**SUPPLIED INFORMATION**
____________

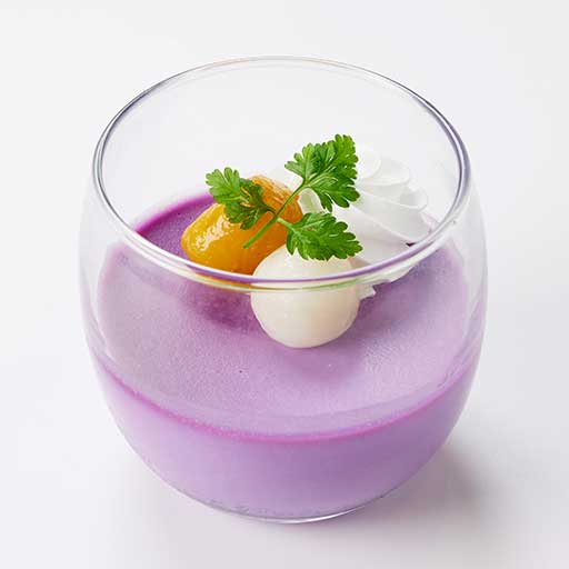 もちもち食感の芋もちと白玉、そしてなめらかな自家製紫いもプリン。濃厚なミルクが香る、贅沢な味わいをお楽しみください。
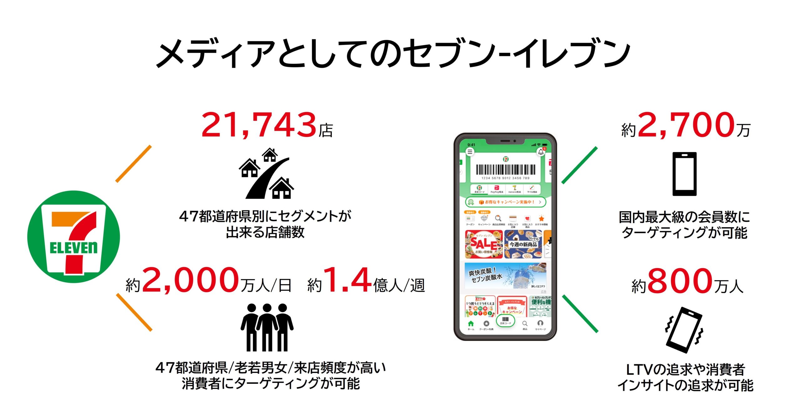 セブン-イレブン・ジャパンのリテールメディアは国内最大級の会員数を有するセブン-イレブンアプリと店舗を活用した生活者のあらゆる購買行動の場面でコミュニケーションが図れる広告メディアであり、当社が指定販売代理店に認定されました。
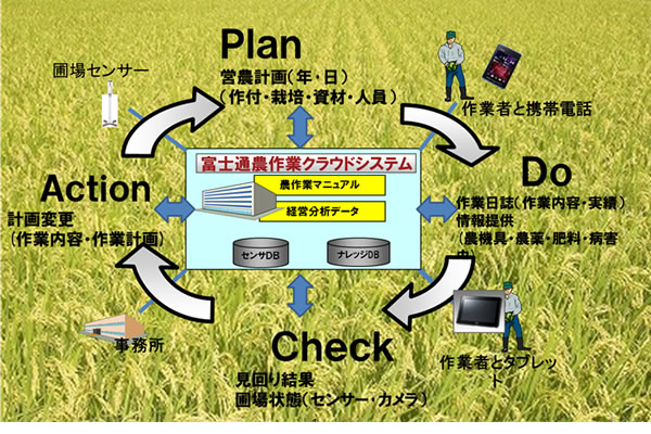 大規模な水稲生産などの土地利用型農業において、クラウド技術、センサーネットワーク、携帯端末を駆使し、従来、経験と勘を中心に行われていた営農のマニュアル化、標準化を図り、農作業従事者の作業スキルの差を最小化し、農作物の付加価値向上を目指します。
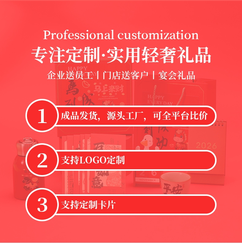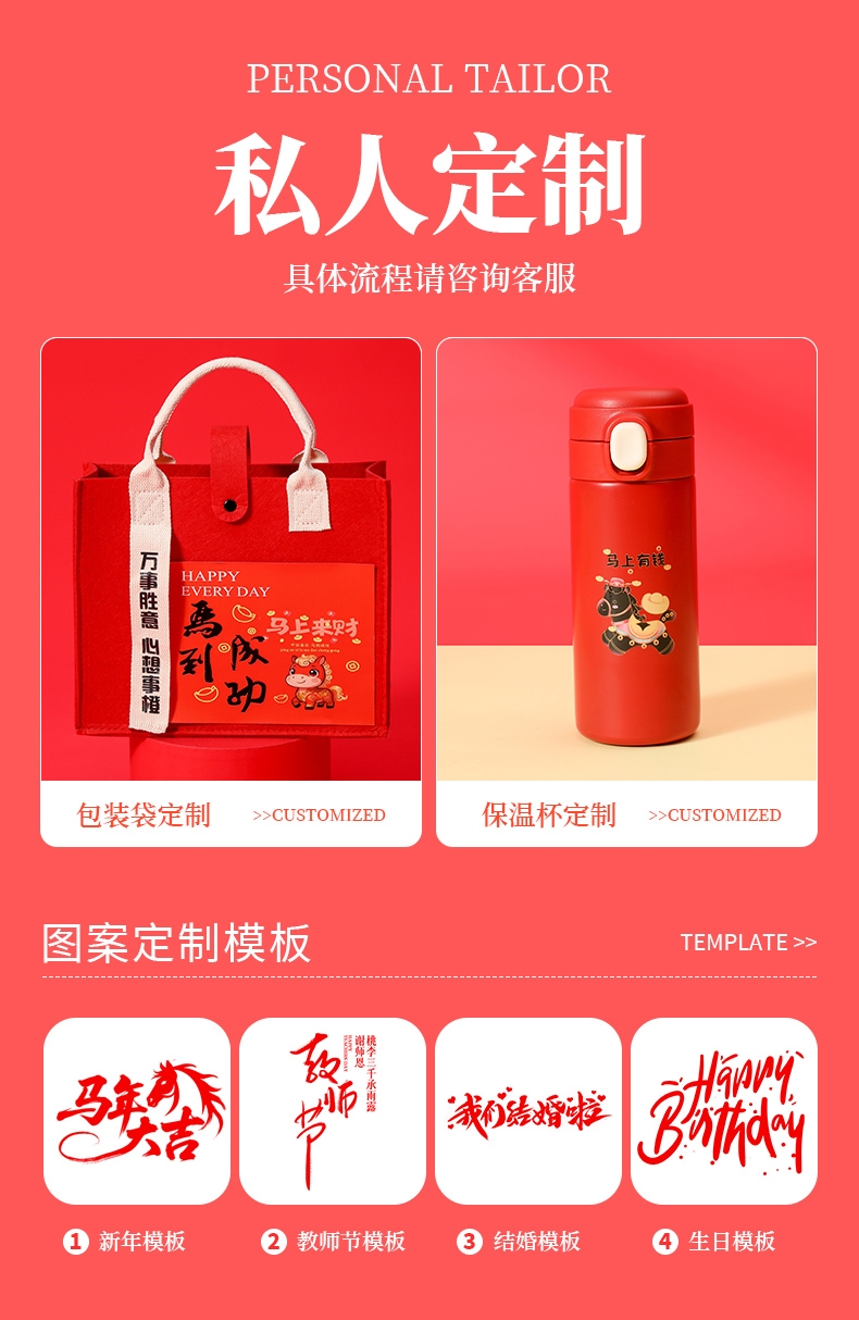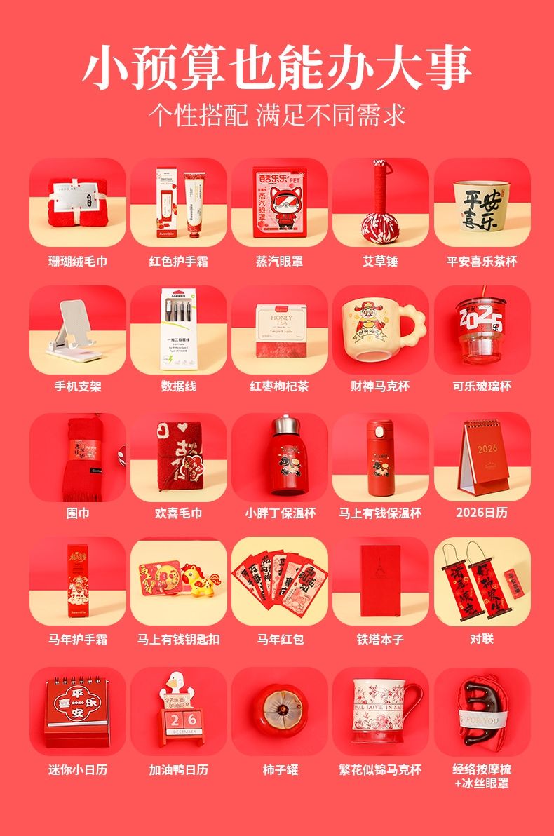 新年礼品多样可选满足个性化需求;新年主题氛围感拉满;支持定制LOGO支持自由搭配

____________

**TASK PROMPT**
What is needed is a word-for-word restatement of the lines from the one holding "セブン-イレブン・ジャパンの" to the final line of the data above, inclusive, without any pictures.

**OUTPUT FOR THIS EXERCISE**
 セブン-イレブン・ジャパンのリテールメディアは国内最大級の会員数を有するセブン-イレブンアプリと店舗を活用した生活者のあらゆる購買行動の場面でコミュニケーションが図れる広告メディアであり、当社が指定販売代理店に認定されました。
 大規模な水稲生産などの土地利用型農業において、クラウド技術、センサーネットワーク、携帯端末を駆使し、従来、経験と勘を中心に行われていた営農のマニュアル化、標準化を図り、農作業従事者の作業スキルの差を最小化し、農作物の付加価値向上を目指します。
 新年礼品多样可选满足个性化需求;新年主题氛围感拉满;支持定制LOGO支持自由搭配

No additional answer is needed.